SANAYİ BÖLGELERİ KURULUYOR
Uganda imalat sektöründe de ciddi adımlar atmayı planlıyor. Bu amaçla 22 sanayi ve iş bölgesinin kurulması gündemde. Altın, fosfat, demir cevheri, bakır, kobalt, kireç taşı gibi madenler bakımından zengin olan ülke, kurulacak bu sanayi bölgelerinde bu hammaddeleri işleyerek ihraç edebilecek. Pamuk üretimi nedeniyle tekstil sektöründe de yatırım imkanının bulunduğu Uganda’da özellikle Çinli ve Hintli firmalar bu alana girmiş dürümdalar.
Nitekim son yıllarda ülkede tekstil ve hazır giyim üretiminde artış görülüyor. Bu açıdan bakıldığında Türk tekstil ve hazır giyim firmalarının Uganda’yı yatırım yapılabilecek bir ülke olarak incelemelerinde yarar var.

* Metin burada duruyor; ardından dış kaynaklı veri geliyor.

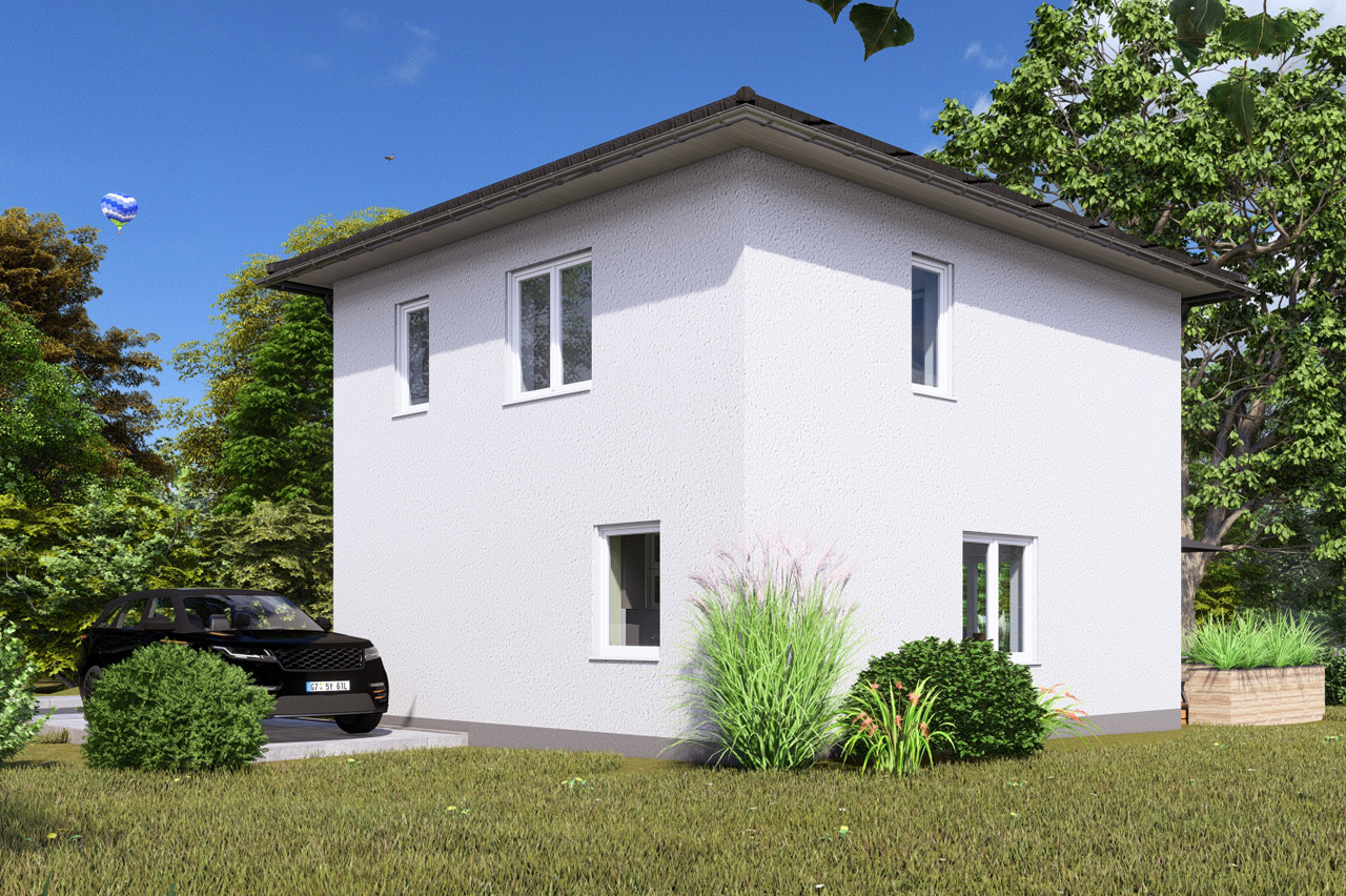Unser Raumwunder aus der Serie „Familienfreundlicher Neubau“ mit seinen zwei Vollgeschossen präsentiert sich als das perfekte Zuhause – mit genügend Platz für ein erfülltes Familienleben mit kleinen oder großen Kindern. Die großzügigen, geschosshohen Wände bieten endlose Möglichkeiten zur individuellen Gestaltung und schaffen ein offenes und luftiges Ambiente. Das Stadthaus 6-95 ist wie eine leere Leinwand: bereit, an die Bedürfnisse und Vorlieben seiner Baufamilie angepasst zu werden. Die offene Wohnküche integriert den Koch-, Ess- und Wohnbereich nahtlos miteinander und schafft einen zentralen Treffpunkt für die Familie und Gäste. Eine großzügige Terrassentür mit drei Flügeln öffnet den Weg in den Garten und schafft eine harmonische Verbindung zwischen Innen- und Außenbereich. Und das Schlafzimmer mit Abstellraum bietet praktischen Stauraum, welcher als begehbarer Kleiderschrank, Schuh- oder Allzweckraum genutzt werden kann. Dieses Stadthaus ist ein einladendes und flexibles Zuhause, das den Bedürfnissen Ihrer Familie gewiss mehr als gerecht wird. Hier finden Sie Platz zum Entfalten, für gemütliches Beisammensein und praktische Lösungen, um den Alltag zu organisieren.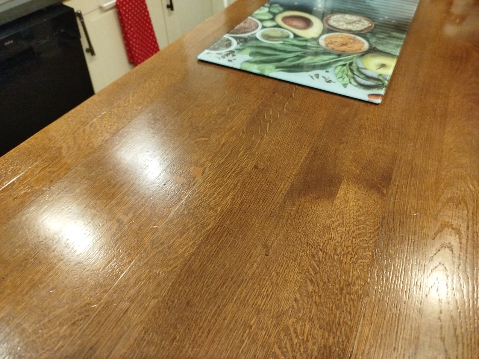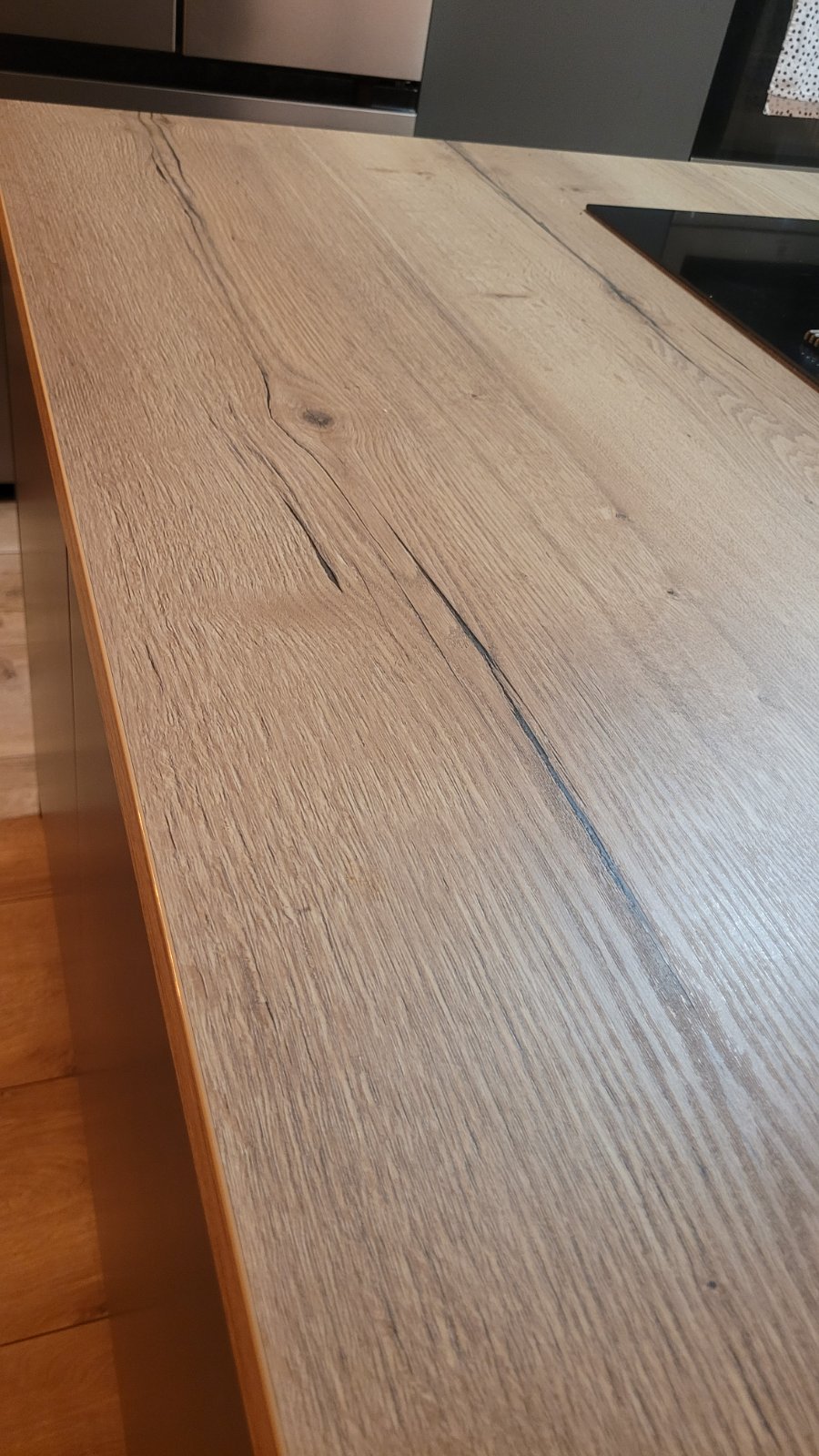 Ja mám,ale iba na ostrovčeku. 6 CM masív a veru si dávam pozor. Priamo na linku,kde je voda,prská s varenia a pod. by som nedala. To, čo si odfotila nevyzerá na skutočné drevo. Ale ak je to priamo od výrobcu pracovná doska,tak je to v poriadku .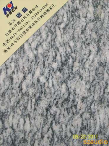 我公司位于新兴的石材发展城市——日照。公司地理位置优越,北临“江北第一石材重镇”--五莲,南接莒南青基地--茱芦,紧靠222省道,南来北往交通方便。公司以大理石板材、路沿石为主要产品,主营石材品种有银麻、中国黑、莒南青等石材。欢迎广大朋友前来洽谈。 各种规格日照银麻,优质银麻,供应优质银麻,银麻图

DIŞ TİRACET HACMİMİZ ÇOK DÜŞÜK
Türkiye ile Uganda arasmdaki ekonomik ilişkiler diğer Sahra Altı Afrika ülkelerine göre çok daha geri seviyelerde. Öyle ki Türkiye’nin İhracatı 22, ithalatı ise sadece 7 milyon dolar düzeyinde. Uganda’da 150 civarında Türk vatandaşının yaşadığı tahmin ediliyor. Bu girişimcilerin daha çok gıda, hazır giyim, inşaat, restoran işletmeciliği alanlarında iş yaptıkları görülüyor. Türkiye’nin Kampala Büyükelçiliği’nin 2010 yılında, Uganda’nın Ankara Büyükelçiliği’nin ise 2011 yılında faaliyete geçtiğini ve iki ülke arasında vize uygulamasının olduğunu da hatırlatalım.
Tamer TAŞKIN / DEİK Afrika Bölgesi Koordinatör Başkanı
Dev yatırımlar yapacaklar
Uganda her şeyden önce huzurlu bir ülke. Büyük yatırım projeleri başlatılmış durumda. Bunların başında petrol rafinerileri ve boru hatları geliyor. Petrol fiyatlarının gerilemesi bu projelerin bir miktar ertelenmesine neden oldu ancak bunlar eninde sonunda yapılacak. Türk firmaları bu projelerde mutlaka yer almalı. Ticari ve ekonomik ilişkilerimizi geliştirmek için karşılıklı olarak sürekli gidip geliyoruz. Ülkenin toplam milli gelirinin sadece yüzde 10’u sanayi üretiminden, geri kalanı tarım ve madencilikten. Uganda, Marmara Denizi’nin beş katı büyüklüğünde olan Viktorya Gölü’nün çevresindeki altı ülkeden biri. Dolayısıyla gemi inşa sanayi için büyük bir potansiyel taşıyor. THY başkent Kampala’ya direkt uçuyor. Bu, Uganda’yla iş yapmak isteyen işadamlarımız için büyük bir avantaj. Vize var fakat Türk vatandaşlarına vizede büyük kolaylık sağlıyorlar. Türkiye’deki üniversitelerde burslu olarak dört bin Afrikalı öğrenci eğitim görüyor. Türk firmaları bu öğrencileri iyi değerlendirmeli, bunlara staj imkanı tanımalı. Çünkü bu öğrenciler mezun olduklarında o firmalara ülkelerinde iş yaratabilir, onların partneri olabilirler. Afrika’da İngilizceden Portekizceye birçok uluslararası dil konuşulduğu gibi yüzlerce de yerel dil konuşuluyor. Türkiye’de eğitim gören Afrikalı öğrenciler bu dillerin hepsine hakimler.